The ADX was in a strong uptrend in 2017 but that petered out about mid-year. The sideways choppiness in price during 2014-2016 and 2018 are verified by the low ADX readings. There is no strong trend; price is simply chopping sideways. The ADX is climbing again and with another 4 or 5 points will identify the collapse in TSLA stock as a strong downtrend. For now, it is not. The Aroon red line is pegged at the maximum 100 reading so a mean reversion lower is the only direction it can go which correlates to some price buoyancy.
Thus, TSLA will likely move sideways to sideways lower for the next month or so, perhaps teasing into that 180-195 congestion zone where the men will be separated form the boys. TSLA should bounce from there and likely regain 2 hundo and perhaps target those gap-fills at 210 and 236-ish. So during the summer, that cat Musk may receive another life as a multiple week rally occurs.
The rally in say, Late June, July perhaps into August, however, will not have staying power and should probably be used as an exit for anyone that holds the stock. The TSLA monthly chart shows a weak and bleak RSI, MACD, histogram and stochastics although the stoch's are oversold. On a monthly basis, the stock remains sick and would be expected to print lower lows. The oversold stochastics on the monthly will conspire with the possie d on the weekly chart above to give a bit of buoyancy to the flailing stocks over the next month. TSLA will likely finish the year in the 150-190 range. Musk better hope it does not get worse than this.

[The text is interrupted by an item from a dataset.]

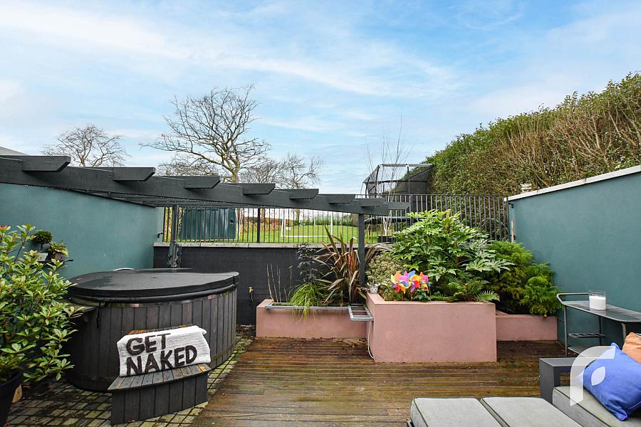 To the rear of the property, is a substantial garden finished in lawn, with an impressive garden room and relaxation area.

Keystone has no position in TSLA and will likely not play it. If so, it would probably be a no-touch for 2 to 4 weeks, then bring on a long position at that point. Sell that in July after price recovers then turn around and flip that trade short since the monthly chart will re-exert itself into year end. This information is for educational and entertainment purposes only. Do not invest based on anything you read or view here. Consult your financial advisor before making any investment decision.
Note Added Thursday Morning, 5/23/19, at 6:35 AM EST: TSLA was smacked -6% lower on hump day to 192.73 and in this morning's (Thursday) pre-market collapses another -4% to 185. Musk is likely on the phone asking Baron for more dough.
Note Added Monday, Memorial Day, 5/27/19: Ark Investment strategist Cathie Wood is defending her call that TSLA stock will hit $4,000. Whatever she's smokin' she should pass it around to everyone else.